Brief Summary: To assess the safety and effectiveness of treatment with an intracanalicular dexamethasone (0.4mg) insert in the operating room following cataract surgery/intraocular lens implant (IOL) with or without iStent/Hydrus/Goniotomy when placed in the lower punctum compared to the upper punctum.

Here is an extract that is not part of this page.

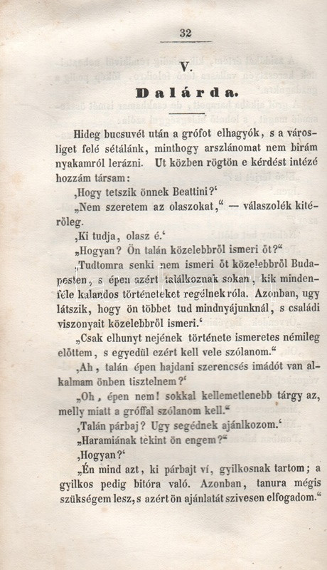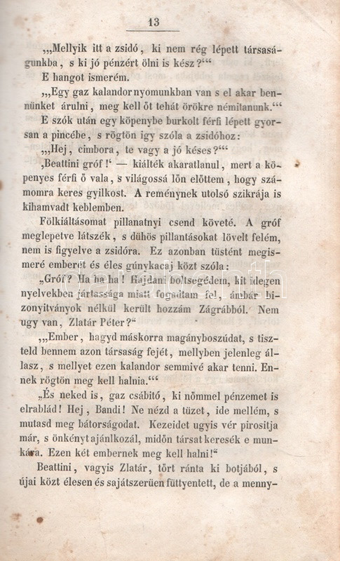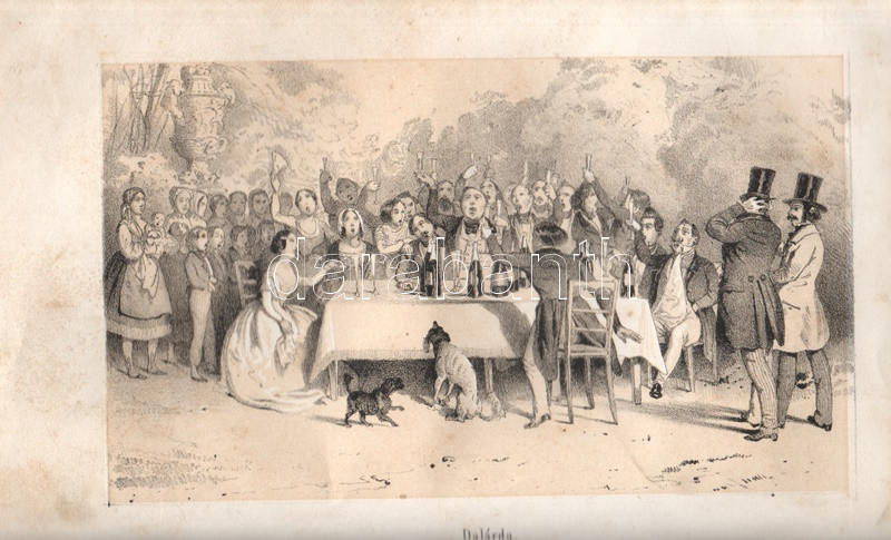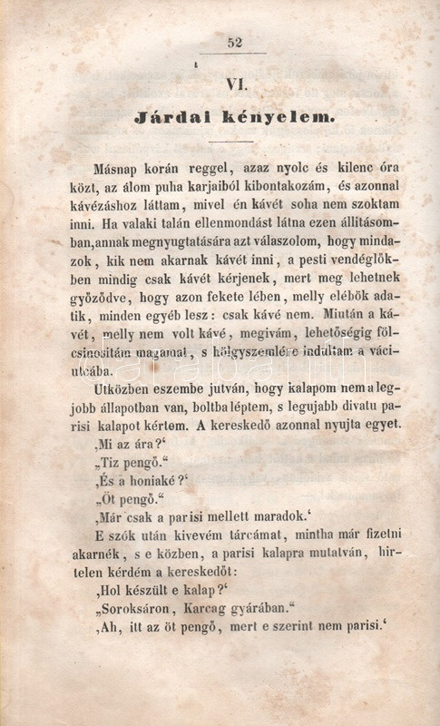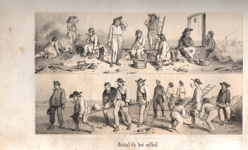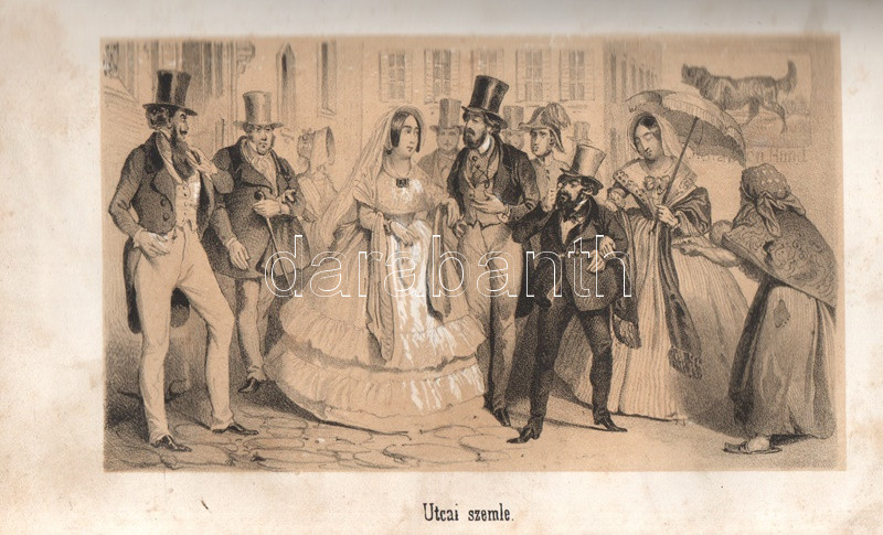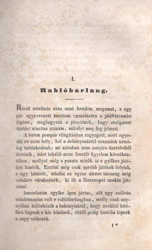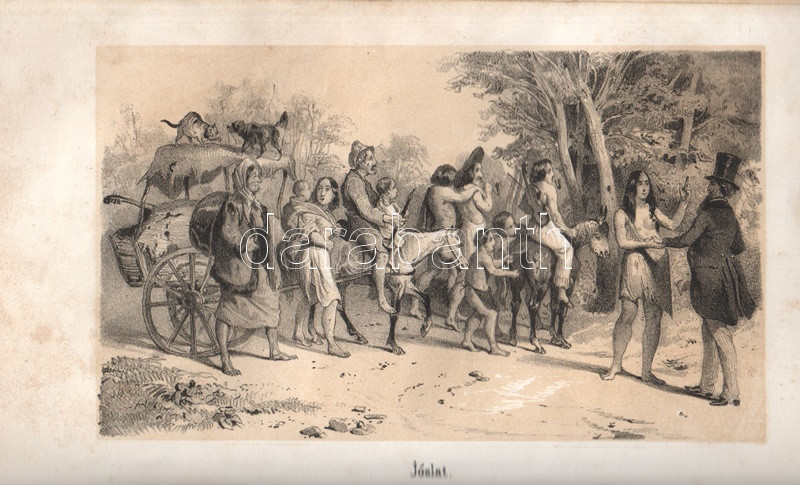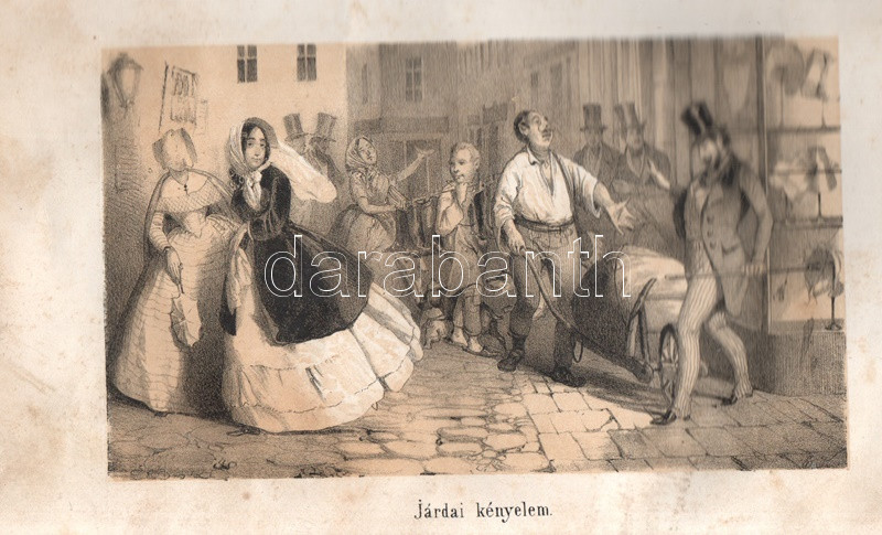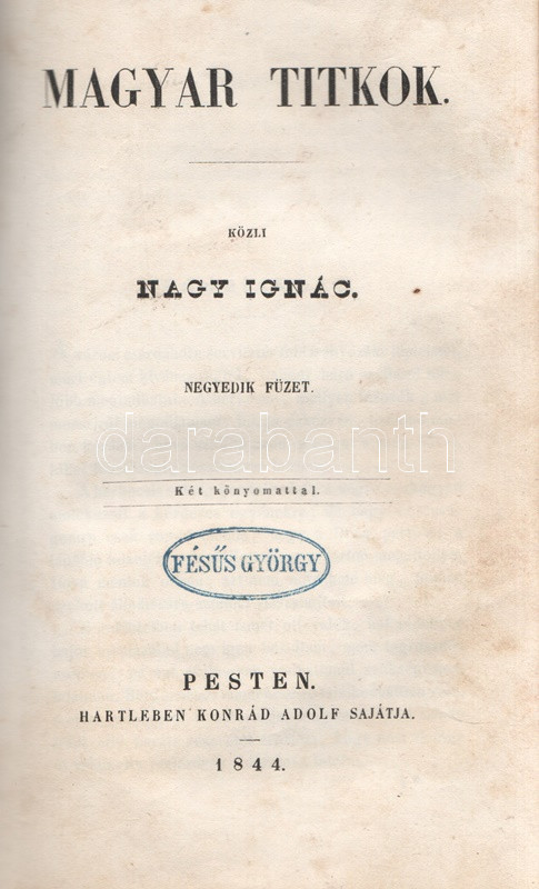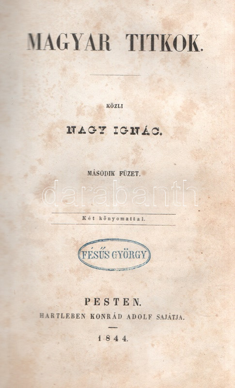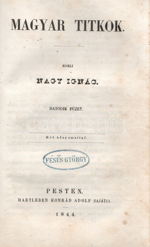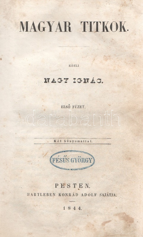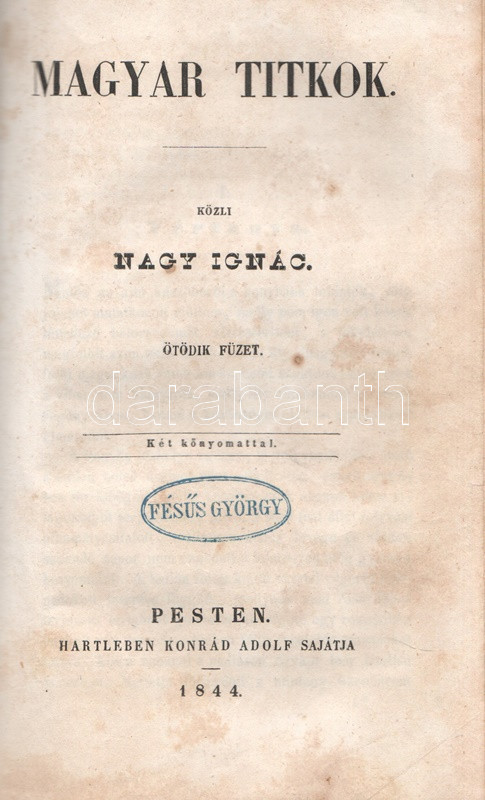 Nagy Ignác: Magyar titkok. Közli Nagy Ignác. Első-hatodik füzet. [Egybekötve.] Pesten, 1844. Hartleben Konrád Adolf sajátja (Nyomatott Landerer és Heckenastnál). 80 p. + 2 t. (tónusos kőnyomat); 93 + [1] p. + 2 t. (tónusos kőnyomat); 77 + [3] p. + 2 t. (tónusos kőnyomat); 78 + [2] p. + 2 t. (tónusos kőnyomat); 88 p. + 2 t. (tónusos kőnyomat); 86 p. + 2 t. (tónusos kőnyomat). Első kiadás. Nagy Ignác (1810-1854) író, drámaíró, újságíró, lapszerkesztő, a XIX. századi értelemben vett humoros életképek mestere, társadalmi típusok szórakoztató leírója. ,,Magyar titkok" néven ismert munkája, fő műve - e szatirikus bűnügyi kalandregény - a reformkori próza egyik jelentős teljesítménye, mely témájában és folytatásos közlési formájában is újdonságot jelentett a magyar irodalomban. Nagy Ignác munkája az Eug?ne Sue-féle párizsi rémregény magyarországi meghonosítása, melyben keverednek a néprajzos ihletésű vidéki és a párizsi ihletésű pesti szatirikus életképek, melyeket a markánsan bűnügyi cselekmény tart egyben. Bár a szeriális szerkesztésben, illetve az emlékezetes hátterű városi zsánerfigurák megteremtésében Nagy Ignác sokat tanult Eugéne Sue-től, a kalandokat mégis tekinthetjük a reformkori Pest egyfajta szaritikus bédekkerének. A teljes mű tizenkét füzetben jelent meg. A címoldalakon régi tulajdonosi bélyegzés, az oldalakon foxing, egyes oldalakon apró foltosság. Poss.: Fésüs György. [Fésüs György (1841-1914) jogász, jogi szakíró, a kassai, majd a pozsonyi jogakadémia tanára.] Szüry: 3337. Aranyozott gerincű, enyhén sérült gerincű, enyhén kopott korabeli egészvászon kötésben. Jó példány.
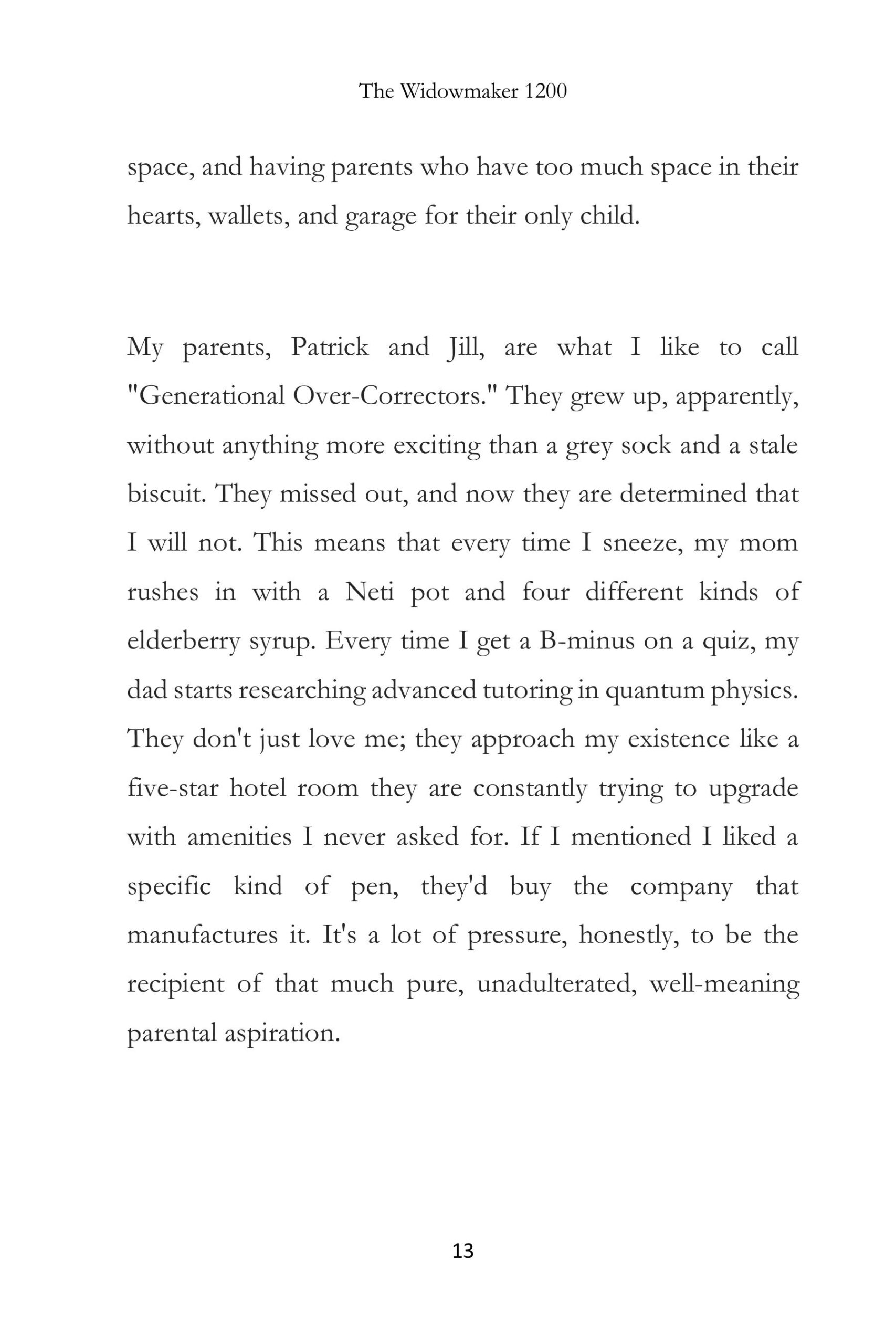 Armed with his permit and his magnificent machine, Bruce manages to attract the attention of Cassidy, the most effortlessly stylish girl in the neighbourhood. Their budding relationship, however, is constantly strained by Bruce’s overwhelming commitment to safety, driven by his hyper-vigilant parents who monitor his every move with GPS trackers and data-driven safety seminars. Cassidy pushes for the reckless excitement she associates with motorcycle life, while Bruce struggles to balance his love for the bike with his fear of Dad’s Fluid Dynamics of Wet Braking lecture.

Detailed Description: This is a randomized, controlled study to evaluate the safety and effectiveness of treatment with an intracanalicular dexamethasone (0.4mg) insert in the operating room following cataract surgery/intraocular lens implant (IOL) with or without iStent/Hydrus/Goniotomy when placed in the lower punctum compared to the upper punctum.

Recruitment & Eligibility

Inclusion Criteria

Subjects will be eligible for study participation if they:

Are planning to undergo non-complicated CCI CE/PCIOL in one or both eyes with or without iStent/Hydrus/Goniotomy.
Are willing and able to comply with clinic visits and study related procedures.
Are willing and able to sign the informed consent form.
Not pregnant.

Exclusion Criteria

Subjects are not eligible for study participation if they:

Are currently being treated with corticosteroid implant (i.e. Ozurdex).
Have a history of herpes simplex virus keratitis or present active bacterial, viral, or fungal keratitis in either eye.
Have a history of complete punctal occlusion in one or both punctum.
Currently use topical ophthalmic steroid medications.
Are unwilling or unable to comply with the study protocol.
Are determined by the Investigator to not be included for reasons not already specified (e.g., systemic, behavioral, or other ocular disease/abnormality) or if the health of the subject or the validity of the study outcomes may be compromised by the subject's enrollment.
Have active infectious systemic disease.
Have active infectious ocular or extraocular disease.
Have unobstructed nasolacrimal duct in the study eye(s) (dacrocystitis).
Have known hypersensitivity to dexamethasone or are a known steroid responder.
Have a history of ocular inflammation or macular edema.
Are currently being treated with immunomodulating agents in the study eye(s).
Are currently being treated with immunosuppressants an/or oral steroids.
Are Pregnant or breast-feeding or wish to become pregnant during the length of study participation.

Arm && Interventions

Group	Intervention	Description
Lower Punctum Insertion (Group 1)	Dextenza 0.4Mg Ophthalmic Insert	DEXTENZA (dexamethasone ophthalmic insert, 0.4mg) for intracanalicular use Group 1 (up to 40 eyes) will receive the insert in the lower punctum on the day of surgery in the OR.
Upper Punctum Insertion (Group 2)	Dextenza 0.4Mg Ophthalmic Insert	DEXTENZA (dexamethasone ophthalmic insert, 0.4mg) for intracanalicular use Group 2 (up to 40 eyes) will receive the insert in the upper punctum on the of surgery in the OR.

Primary Outcome Measures

Name	Time	Method
Participants With Complete Absence of Ocular Pain at Day 8	at Day 8	Participant reported ocular pain on a scale of (0-10) with zero (0) equaling no pain and ten(10) equaling maximal pain on day 8.
Participants With Zero Cells on Day 14	at Day 14	Proportion of of participants with complete absence of anterior chamber cell at Day 14 as measured by Summed Ocular Inflammation Score (0-4).

Secondary Outcome Measures

Name	Time	Method
Ease of Insertion	Day 0	Rated as Easy, Moderate, Difficult
Attempts to Achieve Successful Insertion	Day 0	Number of attempts to insert the dexamethasone insert in the upper or lower punctum.